Oh, we’ve been here about 5 years.

5 years?

Yeah, and over here there’s a different atmosphere. When we first moved here, some of the same things that were in the neighborhood, drifted over here because my shop was broken into 2 times and I think that that stems from the neighborhood. See, when we moved, we had guys that would tell guys that we were out of the city. They wouldn’t tell them where we were because people were jealous. Some barbers over here, I think they had something to do with the breaking in; they tried to run us away from here, but I stayed here, you know.  Finally, they let us alone, you know. You had many guys who were afraid that I would take their customers. Some of them were cutting hair and they didn’t have a license. Some of them are still doing it. So, that’s just the way it is, you know.

What would you say about the atmosphere you have now in the shop as far as the characters you have now, because Cox has been with you?

I think the atmosphere I have now is beautiful, is good.  It blends in, you know? It blends in with what’s going on today. Actually, this shop can associate with all types of clientele except the clientele [that deals] with drugs.
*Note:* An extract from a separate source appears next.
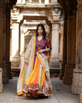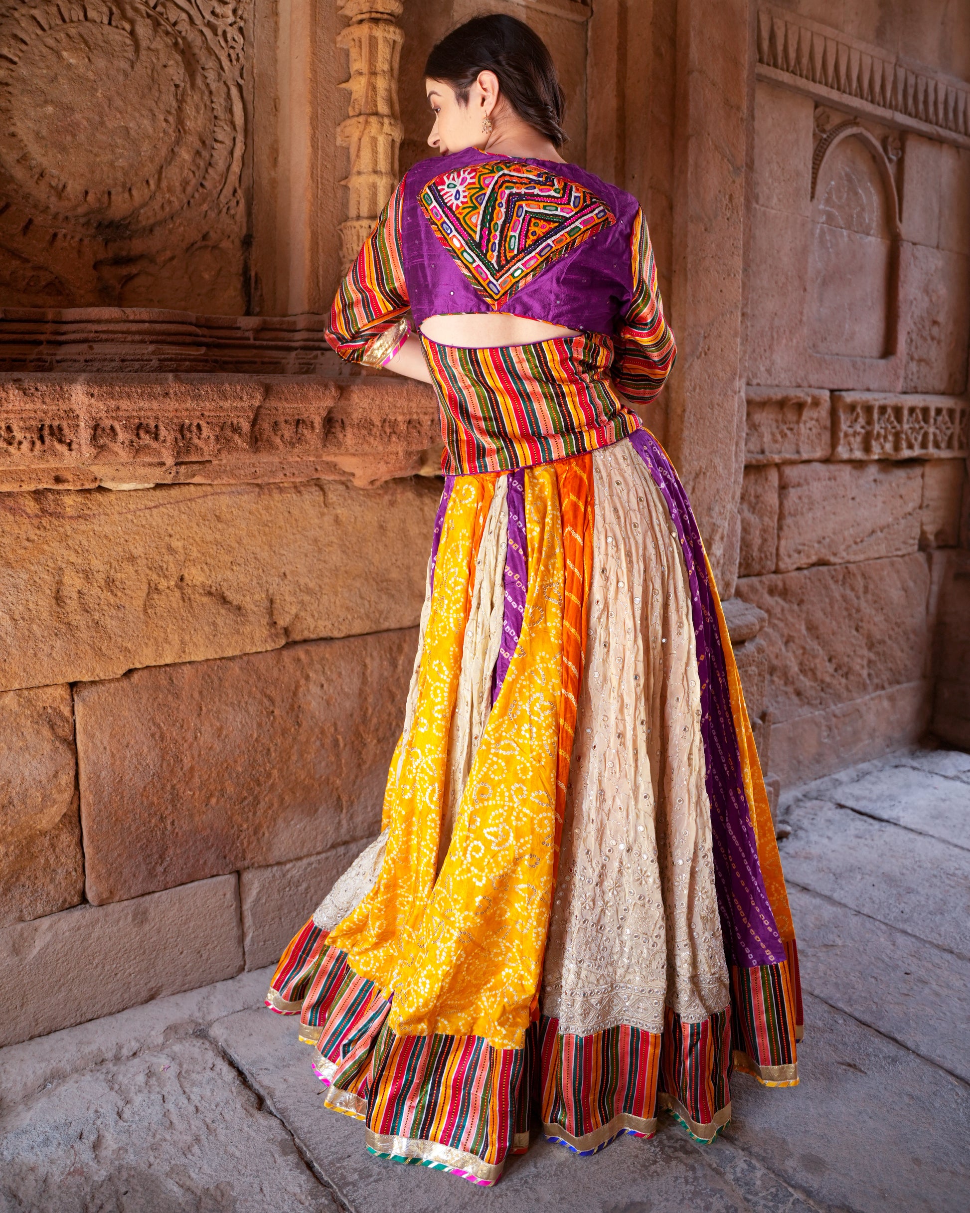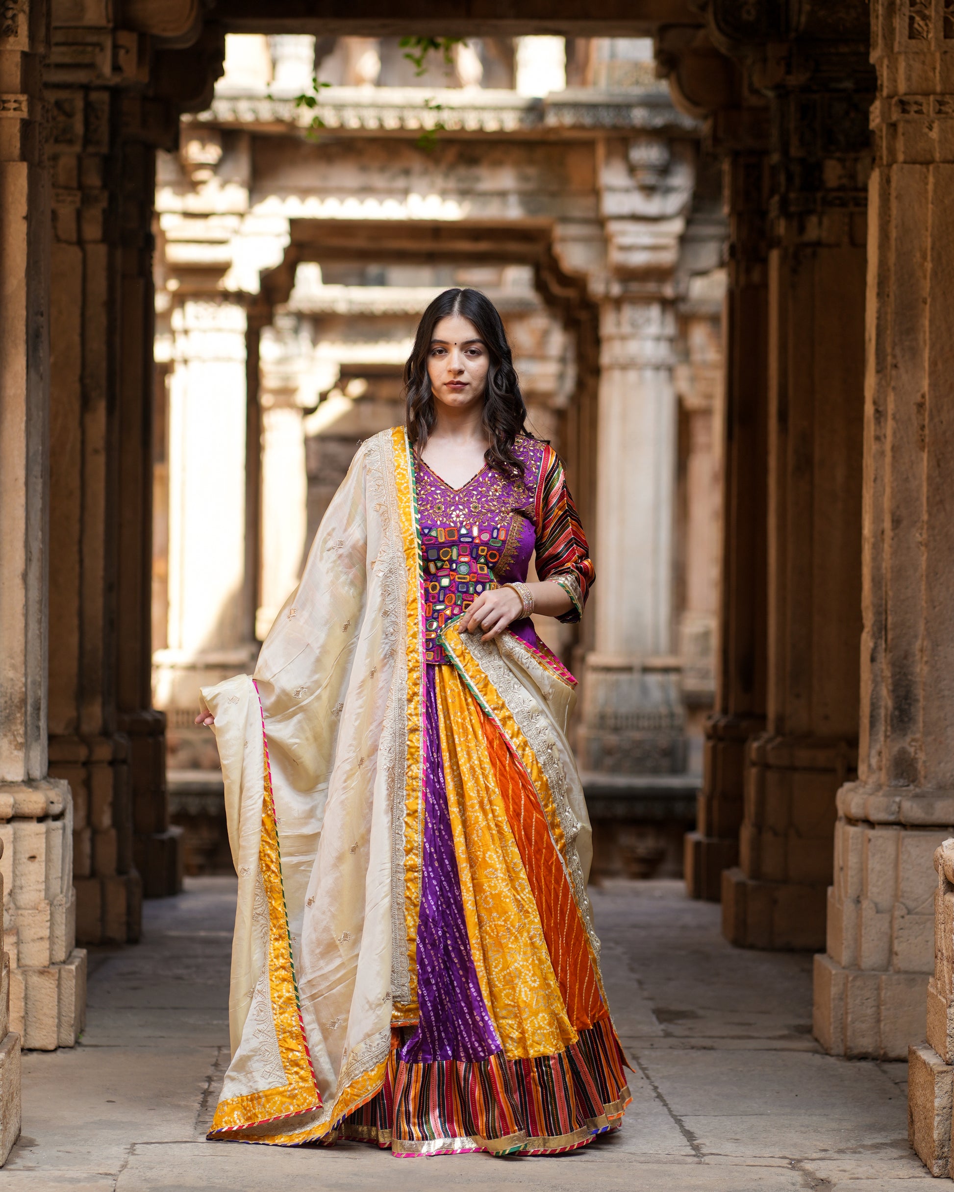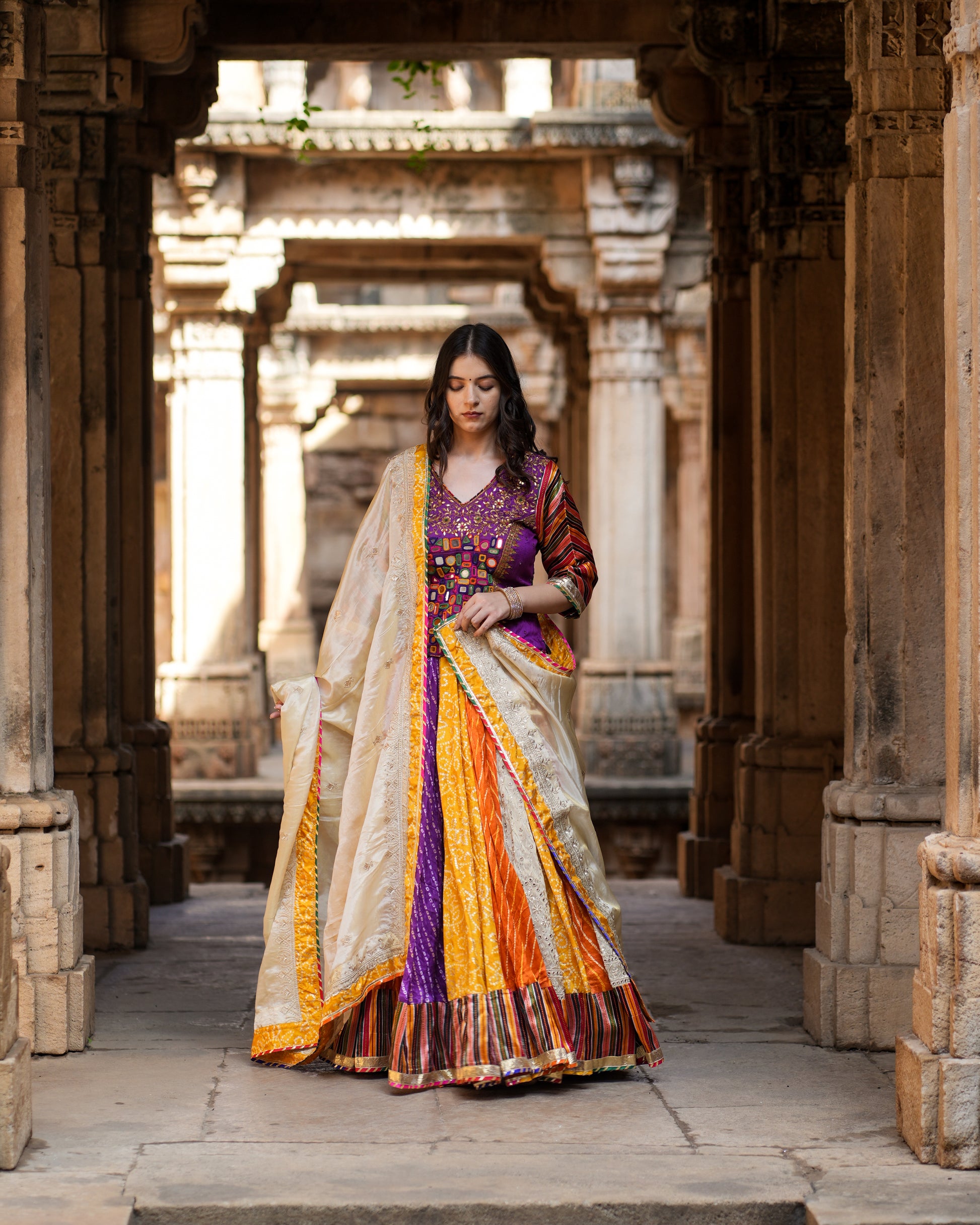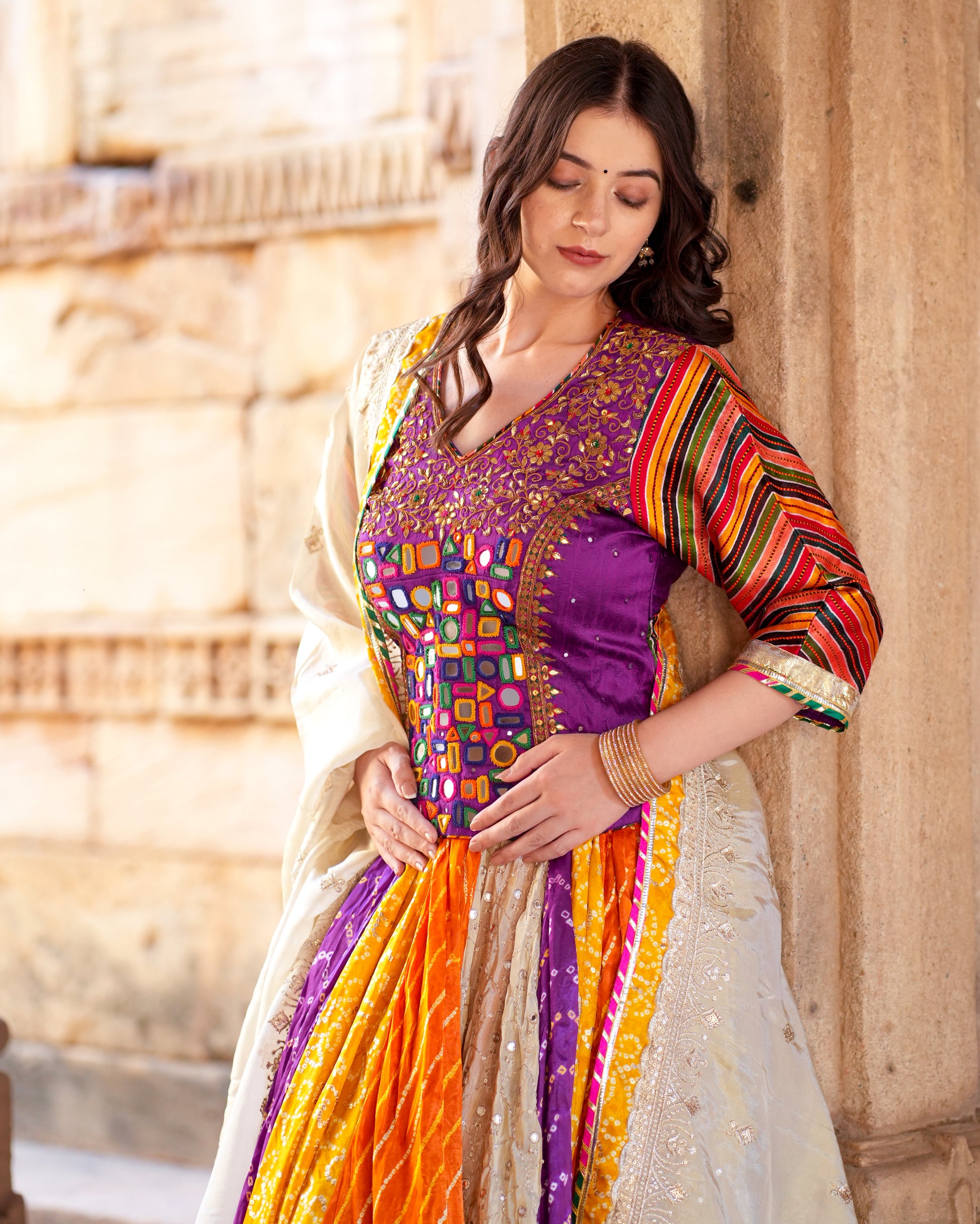 The Kalidar Chaniya (skirt), with its majestic flair, is crafted from pure fabrics and adorned with intricate Bandhani patterns in a regal palette of vibrant orange, creamy ivory, and pastel purple. This combination evokes an aura of elegance and tradition, perfect for making a statement at any celebration.

You know, I don’t like to associate with drug lords too much. We have people who come in who maybe use drugs but they don’t present themselves in here as a drug addict. They always come in with a certain amount of respect, you know. And the conversations that we have are just happy-go-lucky. So I think, according to the days and time, I think we’re doing good.

Any last remarks?

I would say that barbering is a lost art when you come to a straight razor.  And I’m one of the guys who really started out, even in the late ‘30’s to where I look at my father, and the razor is the key to really shaving and giving a line. So actually, nowadays, they’ve gotten away from [using] that razor. When I went to barber college, the guy used to show us how to shave. There are fourteen stokes to shaving. And these fourteen strokes, if you use them, a guy would not bump. Well, of course, now we don’t really go through that stage of the fourteen strokes.  But, I do know the fourteen strokes that are against the grain, with the grain and so forth. I could go through a whole layout of how you should do it. Barbering now is just a lost art when it comes to [using the] razor. You can cut hair and use your outliner and so forth, but that razor, can’t nothing beat it. And it is the best thing.